Recent market moves reflect this. The Chinese equity market, for instance, has become more expensive in the wake of its reopening. Also, the expectation that the Fed will peak has seen the dollar weaken, while hawkish comments by the European Central Bank has led traders to build up large speculative positions in the euro.


Meanwhile, consistent with the expectation that policy rates will fall, yield curves in the US and UK have been more inverted this year with longer-term yields falling by more than shorter-dated ones. This is not only consistent with the market expecting inflation and policy rates to fall, but also with growth weakening, too.


Since the start of the year, for instance, UK 10-year yields have fallen by 0.27% more than 2-year yields, while in the US this inversion has been slightly greater with 10-year yields declining by 0.3% more than the 2-year Treasury Rate.


A case for rates plateauing?


But is it right to expect policy rates to peak and then fall? It is certainly possible. After all, we know that central banks believe that the equilibrium for policy rates is still low. We know this from their previous discussions about “r-star” which is the equilibrium for policy rates after allowing for inflation. So if inflation settles at a 2% target and r-star is 0.5% then policy rates should settle at 2.5%. Before the pandemic policy markets thought r-star was close to zero in western economies.

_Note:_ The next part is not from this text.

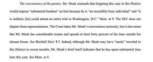 «Суд серйозно ставиться до зручності пана Маска, але він також зазначає, що пан Маск має значні кошти і проводить щонайменше сорок відсотків свого часу поза обраним ним форумом»
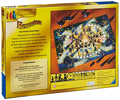 Walpurgisnacht am Blocksberg: Vorwärts, rückwärts, mal schnell, mal langsam wogt der wilde Hexentanz. Und weil nach außen alle Hexen gleich aussehen, weiß bald keiner mehr, welche Hexe er gerade bewegt. Oder doch? Taktik, Glück und ein gutes Gedächtnis verhelfen den pfiffigsten Hexen zum rechtzeitigen Abflug vor dem Morgengrauen!

But might there be a case for rates plateauing, not peaking? And indeed, might there be a case for that plateau to be where we are now?


Take the UK: inflation has peaked, the economy has slowed, previous rate hikes have still to feed through and further monetary policy tightening is in the pipeline with a reversal of quantitative easing. Already, quantitative tightening has seen the Bank of England nearly half way through selling its £20 billion holding of corporate bonds, and its auctions of gilts suggests it is now holding around £827 billion of gilts, versus £875 billion at the peak.


Additionally, not through auctions, but through an open-book approach, it has sold the £19.3 billion of gilts it bought to stabilise the market from the LDI crisis last autumn. This is a lot of supply that the markets have had to absorb, alongside normal issuance to fund the large budget deficit.


Rates plateauing would also allow the Bank to assess its future approach, when the inflation and growth outlook is clearer. There is a strong case to avoid cutting rates which is what would happen after a lag if rates were to peak. That is for fear of resurrecting the problems associated with cheap money since 2008 – namely asset price inflation, markets not pricing properly for risk, a misallocation of capital and an environment in which inflation soared.


In our view, policy rates should plateau now in the UK and US for the reasons cited above. However, in all likelihood, given recent signalling by the central banks, the market is right to price in further tightening.



Please note, the value of your investments can go down as well as up.